* [The problem]: Search the records for the word "neomercantilismo" and copy every line in which it occurs.

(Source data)
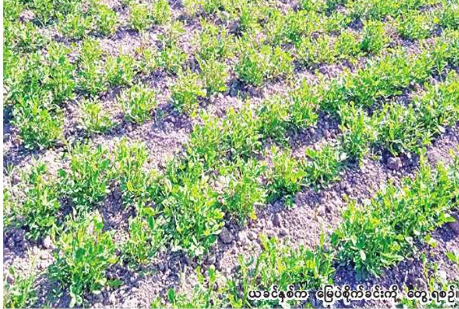
ယခင်နှစ်က မြေပဲစိုက်ခင်းကို တွေ့ရစဉ်။
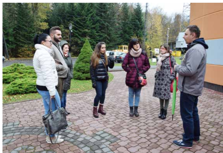
W Muzeum Przemysłu Naftowego i Gazowniczego im. Ignacego Łukasiewicza w Bóbrce

Miło nam jest zatem wszystkim poinformować, że Szkoła Podstawowa im. Marii i Michała Krukierków w Równem podjęła wyzwanie napisania międzynarodowego projektu w ramach programu Erasmus+ KA219 – Partnerstwa strategiczne – współpraca szkół.
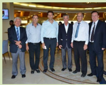
מלון ניר עציון הותאם לכנסים ואף התחדש במערכת גיאותרמית.
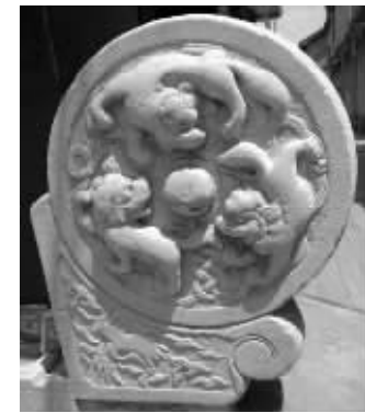
被盗的石鼓

本报讯(通讯员 其定 记者 宋体佳)昨天上午,高邮当地论坛上,一篇名为《提供重要线索的,奖励1万元》的网帖引发围观。发帖者称,家中祖传“门石”夜间被小偷盗走,悬赏1万元征集线索,网帖中还附有手机号码。现代快报记者拨打这个号码,联系上了发帖人吉先生。据吉先生介绍,丢失的“门石”此前一直放置在岳父母住宅门前,7月2日早晨5点多,岳父母发现“门石”不见了,当即打电话报警。吉先生证实,悬赏1万元征集线索一事属实,“这个东西被偷后,家里人开心不起来,就是想快点儿找到。”
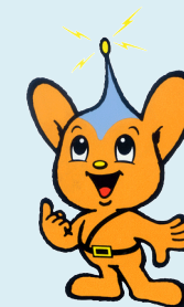
ピーポくん 警視庁 シンボルマスコット

特殊詐欺で逮捕された少年3名に対し、インタビュー形式で聞き取りをしたものです。各警察署少年係へ連絡の上、利用できます。
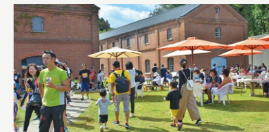
地方創生拠点整備事業【4,583万円】 赤れんかパークを中心とした整備計画の策定と民間活力導入調査
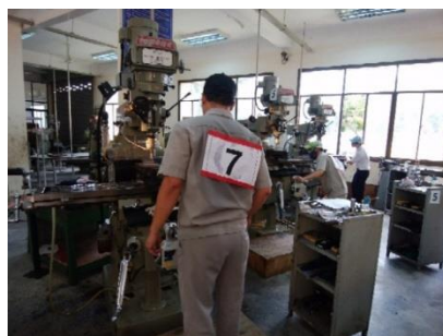
トライアル（実技試験）の様子
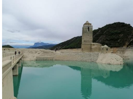
Lac de Mediano

Accès au versant Espagnol en cas de météo capricieuse côté français
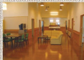
天井が高く開放感あふれる 共有スペース
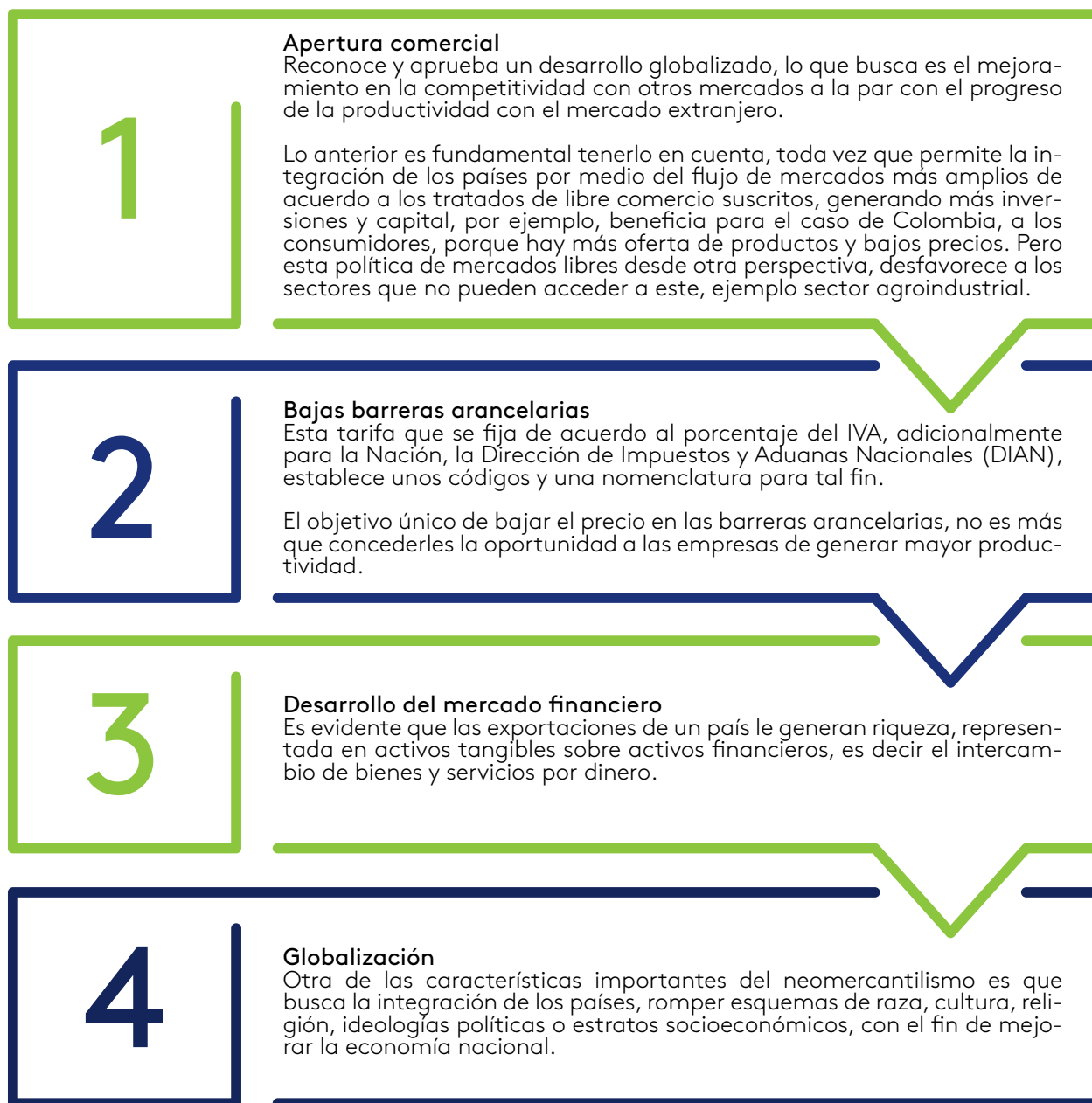
Figura 4. Características del neomercantilismo

Del neomercantilismo, se rescatan algunas características, como:

* [Exercise solution]:
Figura 4. Características del neomercantilismo
Del neomercantilismo, se rescatan algunas características, como:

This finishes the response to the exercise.